The S-CNN baseline model employed a Siamese network structure combined with convolutional neural networks, necessitating more intricate architectural design, and achieved an F1-score of 82.02%. In contrast, the out-of-the-box Alpaca_LoRA-65B model, while demonstrating its inherent power, had a lower F1-score of 64.98%, suggesting that a pretrained LLM might not be fully optimized for the specific task compared to current state-of-the-art NLP models. On the other hand, the qLLaMA_LoRA-7B, a fine-tuned version of the LLaMA-7B model tailored for the Quora Question Pairs dataset, significantly improved performance with an F1-score of 84.9%.
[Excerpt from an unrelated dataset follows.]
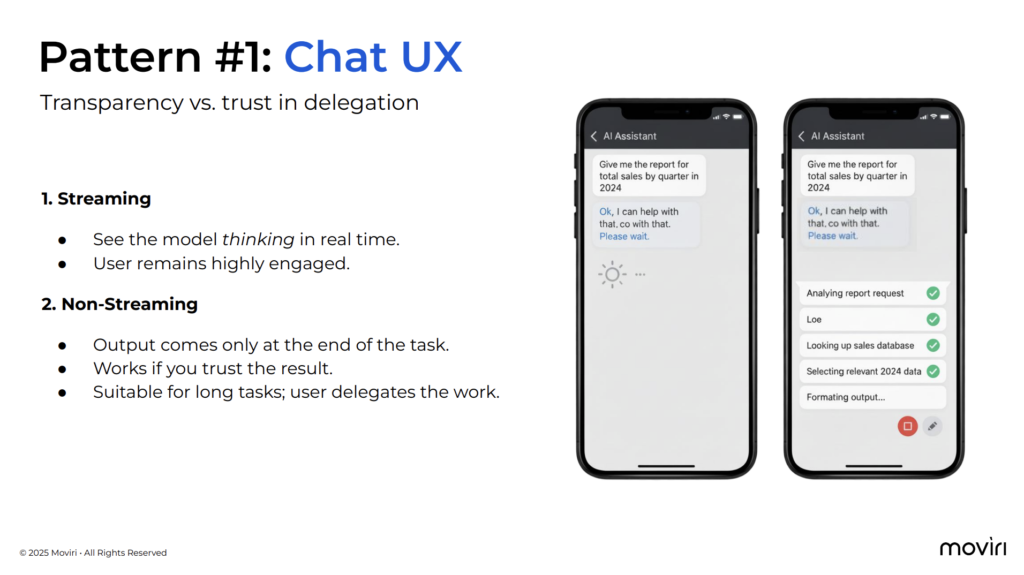 Not just a text window. Streaming mode shows the agent “thinking” in real time. Non-streaming delivers the result only when the task is complete: ideal for longer tasks where users want to delegate without following every step.

The disparity in performance between out-of-the-box Alpaca_LoRA-7B and Alpaca_LoRA-65B is stark, with F1 scores of 4.67% and 64.98%, respectively. This significant difference highlights the impact of pretrained model size on task performance. The 7B model, with its relatively limited parameter count, struggled to capture the complex patterns necessary for accurate text similarity classifying. In contrast, the 65B model, with its vastly larger parameter space, demonstrated an improved ability to comprehend and process linguistic nuances, leading to a much higher F1 score. This suggests that for certain NLP tasks, particularly those requiring nuanced understanding, larger models may offer substantial advantages.
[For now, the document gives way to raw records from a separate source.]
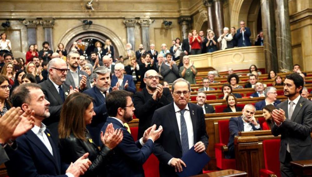 El parlament ha aprobado con las tres fuerzas independentistas y los comunes una resolución que ratifica a Quim Torra como diputado y como presidente de la Generalitat. Esta resolución va en contra de la decisión de la Junta Electoral Central (JEC) de inhabilitar a Torra.
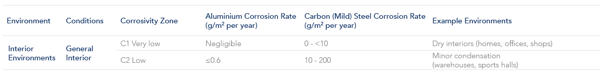 Use the following table which references AS2312.1, AS 4312 and ISO 9223 to identify the environment, conditions and atmospheric corrosivity categories.
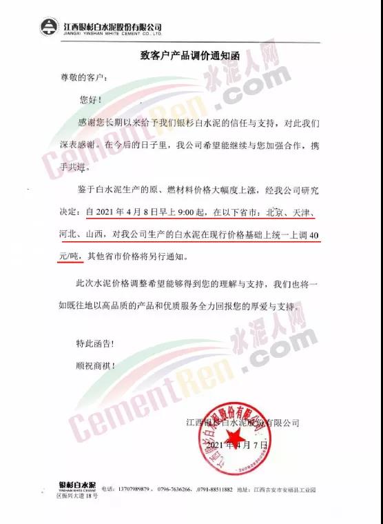 银杉白水泥通知4月8日早9时起,北京、天津、河北、山西区域白水泥价格统一上调40元/吨。

Few-shot prompting can potentially improve classification performance in the same model. Notably, the pre-trained LLaMA-7B with 0-shot prompting had only 0.24% F1-score, whereas LLaMA-7B_1shot and LLaMA-7B_5shot had 20.9% and 28.03% F1scores (87 and 117 times higher than the 0-shot performance), respectively. Similarly, the pre-trained LLaMA-33B had improved F1 scores of 0.41%, 31.77%, and 49.39% using 0, 1 and 5 shots of prompting, respectively. The 1-shot and 5-shot F1 scores were x and y times higher than the 0-shot F1 score. These findings underscore the effectiveness of few-shot prompting, especially when rapid outcome improvement is needed without running LoRA. We attribute the improved performance through n-shot prompting is due to learning of question-answer patterns and additional contextual guidance [27].
A larger LLM can potentially benefit more from few-shot prompting compared to a smaller LLM. Between the two pretrained models (LLaMA-7B and LLaMA-33B), after 5-shot prompting, the larger model LLaMA-33B had best F1 score (49.39% vs. 28.03%) with statistical significance, P < .05. Also, compared to LLaMA-7B, the LLaMA-33B model had a much higher F1 score improvement rate between 1-shot and 5-shot, i.e., 55.5% vs. 34%. It can be attributed by the flexibility and the number of parameters of a larger LLM.
Larger LLMs generally performed better than smaller LLMs at 0-shot prompting. Larger models like Alpaca_LoRA-65 and LLaMA-33B, significantly outperformed their counterpart smaller models, Alpaca_LoRA-7B and LlaMA-7B. It suggests that the same task could be achieved with improved performance given the large model’s greater capacity for learning and generalizing. The larger number of parameters enables the bigger models to capture more intricate and nuanced patterns in the data, enabling them to reach a higher level of abstraction and understanding.
In Section 1.2.3, we noted that the QQP dataset is part of the GLUE benchmark. To better understand the performance of the qLLaMA_LoRA-7B model compared to other approaches, we evaluated it on this dataset. Our model achieved an F1-score of 71.9% and an accuracy of 89.1%, which were slightly lower (4.5% and 1.8%) than the scores of the leading team (Microsoft) [49], respectively. However, it is worth noting that human baselines were 59.5% F1-score and 80.4% accuracy.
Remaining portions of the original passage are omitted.